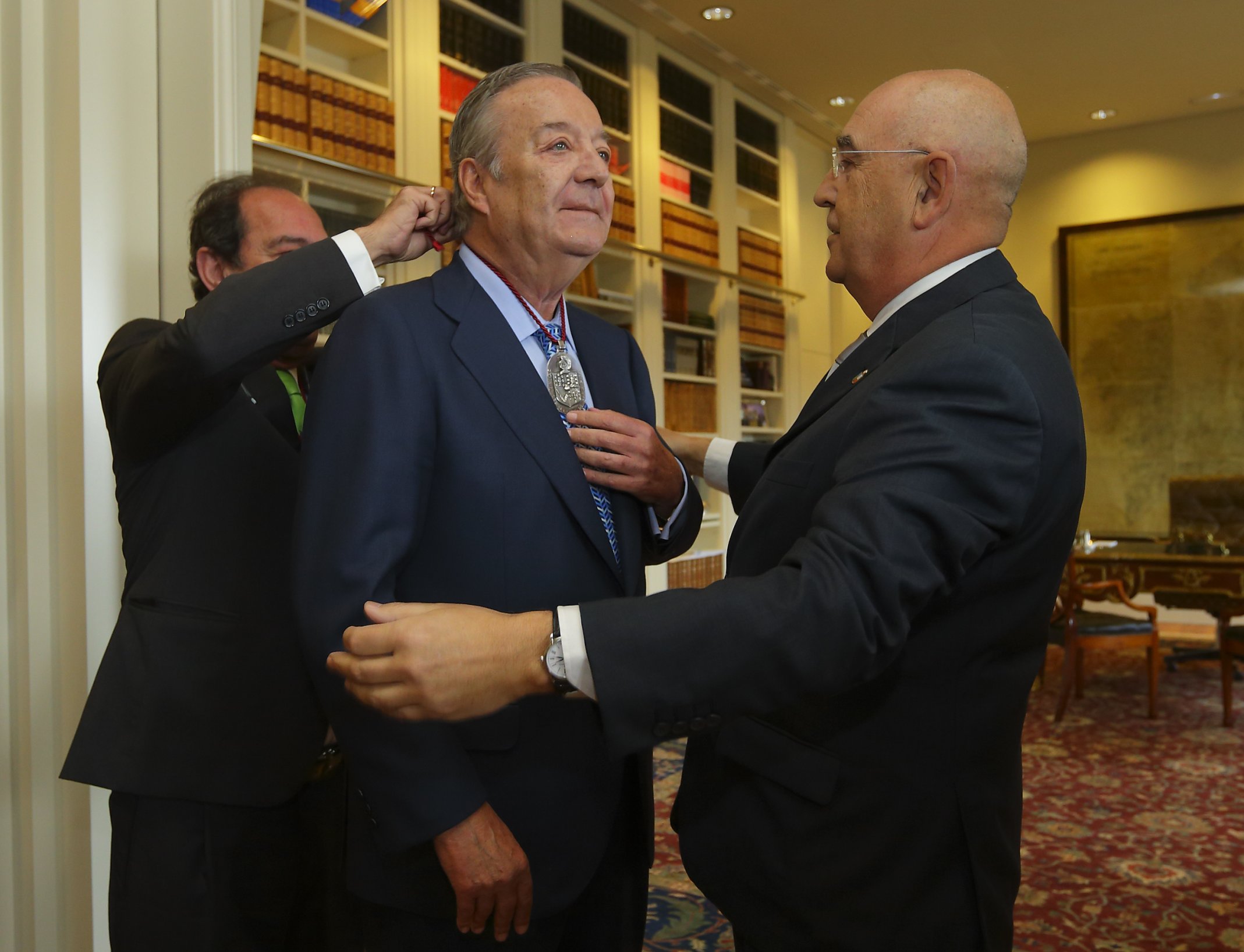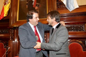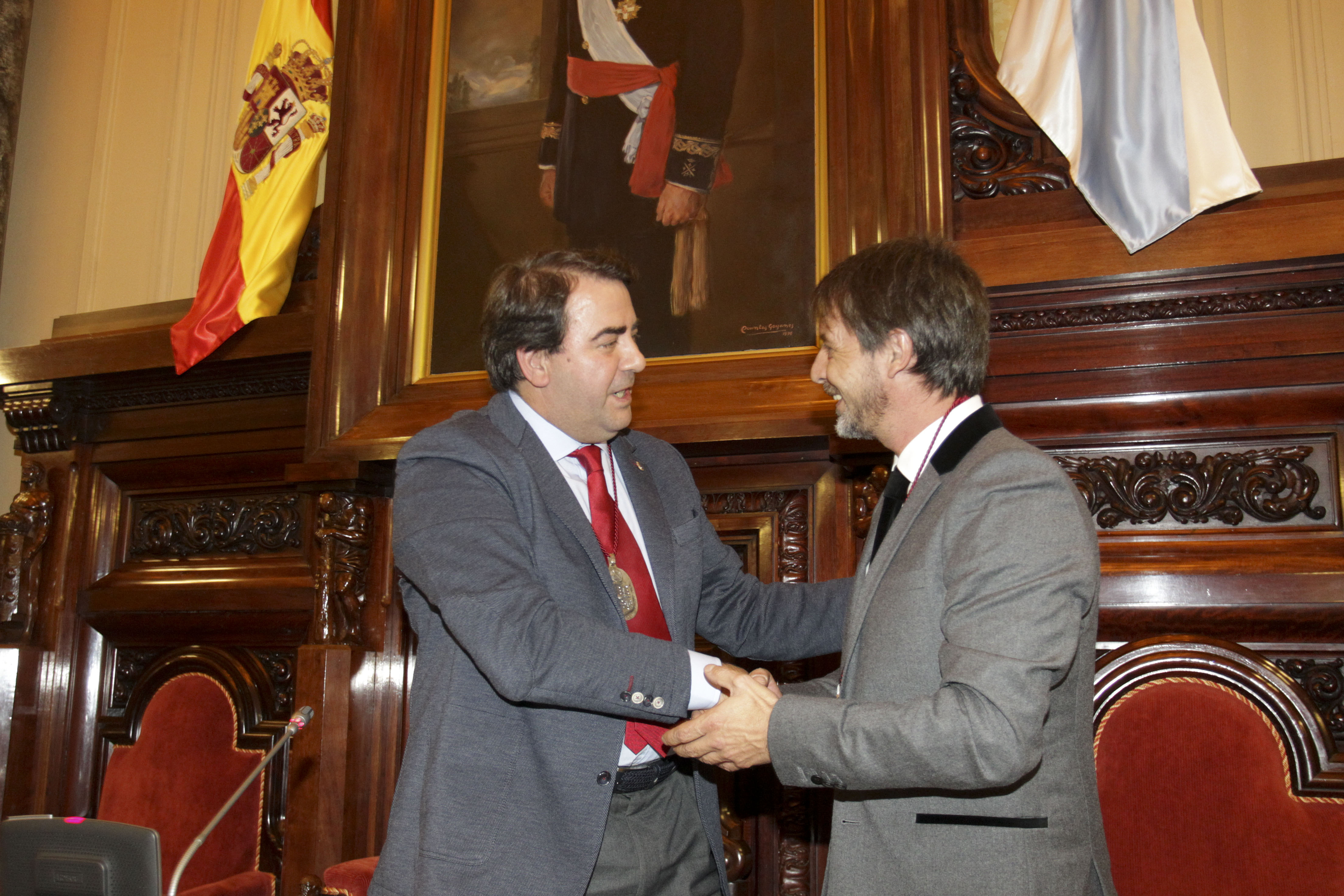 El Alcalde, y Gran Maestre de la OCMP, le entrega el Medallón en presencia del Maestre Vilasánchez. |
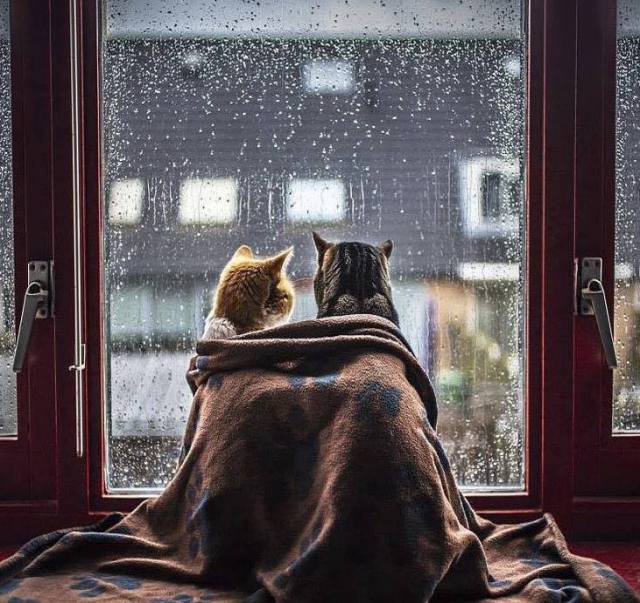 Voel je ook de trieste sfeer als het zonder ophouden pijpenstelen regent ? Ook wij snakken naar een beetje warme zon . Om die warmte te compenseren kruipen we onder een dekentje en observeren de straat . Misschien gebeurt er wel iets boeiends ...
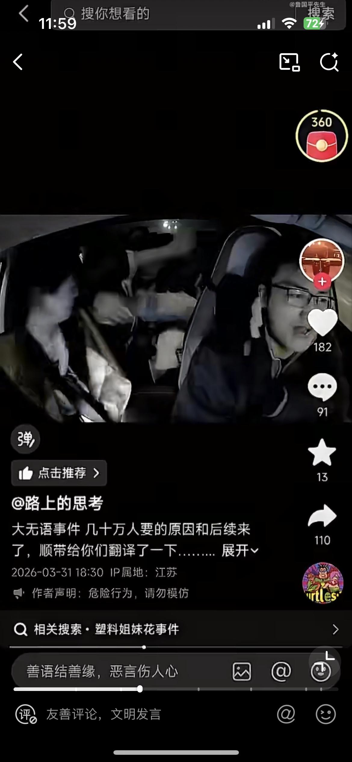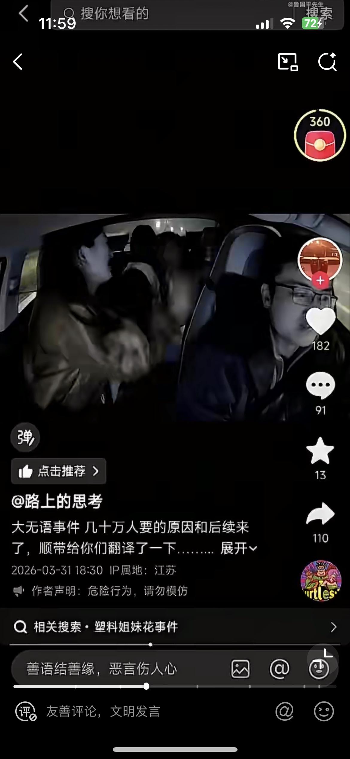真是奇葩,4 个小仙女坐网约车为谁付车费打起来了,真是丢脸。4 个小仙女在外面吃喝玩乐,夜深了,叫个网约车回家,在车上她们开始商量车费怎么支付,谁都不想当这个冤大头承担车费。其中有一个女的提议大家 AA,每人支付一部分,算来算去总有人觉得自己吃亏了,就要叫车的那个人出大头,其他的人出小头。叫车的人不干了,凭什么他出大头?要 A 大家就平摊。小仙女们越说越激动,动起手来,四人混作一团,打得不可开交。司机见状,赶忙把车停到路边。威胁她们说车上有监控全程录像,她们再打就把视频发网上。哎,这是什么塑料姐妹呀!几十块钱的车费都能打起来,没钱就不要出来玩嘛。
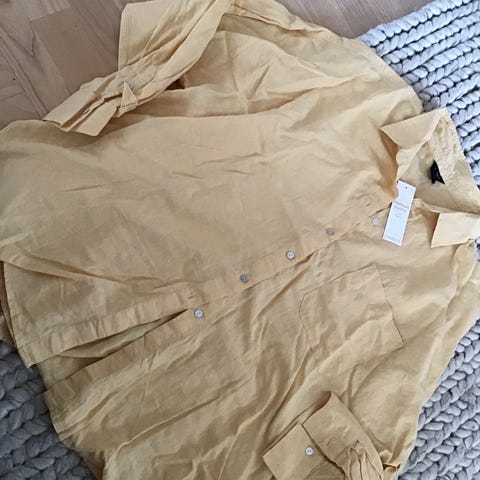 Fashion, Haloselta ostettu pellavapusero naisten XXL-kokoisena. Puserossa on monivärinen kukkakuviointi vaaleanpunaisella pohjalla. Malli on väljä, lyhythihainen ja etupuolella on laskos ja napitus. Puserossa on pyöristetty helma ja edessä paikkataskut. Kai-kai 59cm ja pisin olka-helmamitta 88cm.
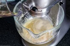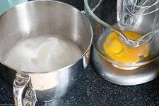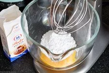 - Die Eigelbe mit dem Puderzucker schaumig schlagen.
----------
### To do
Word for word, reproduce all of the entries above and omit the pictures.

### Task output
 El Alcalde, y Gran Maestre de la OCMP, le entrega el Medallón en presencia del Maestre Vilasánchez. |
 Voel je ook de trieste sfeer als het zonder ophouden pijpenstelen regent ? Ook wij snakken naar een beetje warme zon . Om die warmte te compenseren kruipen we onder een dekentje en observeren de straat . Misschien gebeurt er wel iets boeiends ...
真是奇葩,4 个小仙女坐网约车为谁付车费打起来了,真是丢脸。4 个小仙女在外面吃喝玩乐,夜深了,叫个网约车回家,在车上她们开始商量车费怎么支付,谁都不想当这个冤大头承担车费。其中有一个女的提议大家 AA,每人支付一部分,算来算去总有人觉得自己吃亏了,就要叫车的那个人出大头,其他的人出小头。叫车的人不干了,凭什么他出大头?要 A 大家就平摊。小仙女们越说越激动,动起手来,四人混作一团,打得不可开交。司机见状,赶忙把车停到路边。威胁她们说车上有监控全程录像,她们再打就把视频发网上。哎,这是什么塑料姐妹呀!几十块钱的车费都能打起来,没钱就不要出来玩嘛。
 Fashion, Haloselta ostettu pellavapusero naisten XXL-kokoisena. Puserossa on monivärinen kukkakuviointi vaaleanpunaisella pohjalla. Malli on väljä, lyhythihainen ja etupuolella on laskos ja napitus. Puserossa on pyöristetty helma ja edessä paikkataskut. Kai-kai 59cm ja pisin olka-helmamitta 88cm.
 - Die Eigelbe mit dem Puderzucker schaumig schlagen.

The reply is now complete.